In all of these instances, as well as others that could be named, what differentiates mere human interaction from actual Christian fellowship is the emphasis upon spiritual matters. Once two Christians turn their conversation and their focus toward the spiritual (i.e., talking about God the Father, Jesus, God the Holy Spirit, the Bible, prayer, worship, church, God’s will, prophecy, etc.), they begin to fellowship in a way that only Christians can. In other words, two Christians sitting beside one another at a football game and talking about how talented the other’s team quarterback is doesn’t constitute Christian fellowship. On the other hand, if those same two Christians sitting at that same game start talking about their Sunday School lesson from the previous week or how Romans chapter 11 should be interpreted, they begin to engage in Christian fellowship.
The Greek word translated in the New Testament as “fellowship” is koinonia. It’s a word that comes from another Greek word, koinos, which means “common.” As such, koinonia can be defined as “a sharing in common.” This sharing is much more than mere friendship, tolerance, or acceptance. It is a community in which the participants share fundamental spiritual commonalities.
With this in mind, what each supposed Christian should do, by way of personal examination, is ask himself or herself: “Do I enjoy being around Christians or do I enjoy being around lost people? Would I rather work beside a Christian or a lost person? Would I rather sit at a ballgame next to a Christian or a lost person? Would I rather live beside a Christian or a lost person? If I have to get in a car and take a road trip, would I rather be in there with a carload of Christians or a carload of lost people?” John says, “If you are a legitimate Christian, you’ll have a desire to fellowship with other Christians.” This fellowship isn’t the only evidence of salvation, but it’s certainly a good place to start.
Pastor Mckinney the problem I have and always had is I would rather be by myself or my wife. I don’t really know how to hang with people. Now I have tried but it just never worked out.

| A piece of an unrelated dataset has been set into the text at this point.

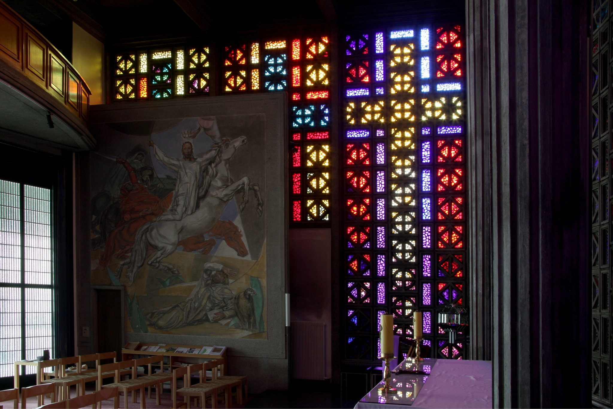 Lors de l'inauguration de l'Université en 1941, la chapelle n'a toutefois pas encore reçu ses vitraux (Termier, 1941, p. 33), dont la réalisation sera confiée à l'artiste Alexandre Cingria. Ce dernier optera pour une technique encore nouvelle en Suisse, la dalle de verre, dont l'utilisation permet d'obtenir une intégration encore plus forte que le vitrail au plomb dans l'architecture (Noverraz, Sauterel, Wolf, 2021, p. 50-59 ; Meer, 2002). Inaugurée le 4 mai 1944, la chapelle est également dotée d'oeuvres de l'orfèvre Marcel Feuillat qui conçoit le tabernacle en cristal de roche, et, un peu plus tard, les pieds sculptés de l'autel représentant les symboles des Évangélistes, auxquels s'ajouteront des anges sculptés de l'artiste fribourgeois Antoine Claraz (Feuillat, 1947, p. 67-69). Le peintre Maurice Barraud crée également deux peintures murales sur les panneaux latéraux sur le thème des Visions de l'apocalypse (Roetheli, 1946/1947, p. 3-7). Enfin, en 1983, l'artiste fribourgeois Yoki complète cette décoration par la réalisation d'un vitrail abstrait posé dans la baie fermant le sommet de la voûte tronconique située au-dessus des orgues, en collaboration avec le maître-verrier Michel Eltschinger.

You aren’t the only person who is wired this way. I myself am very much a loner. And I’m not advocating that you and your wife rush right out and join a bunch of groups. But there really is something to be said for fellowship that is truly Christian. It’s a definite Bible topic. So, I would advise you to talk to the Lord about the matter in prayer and ask Him to show you where to comfortably find such fellowship.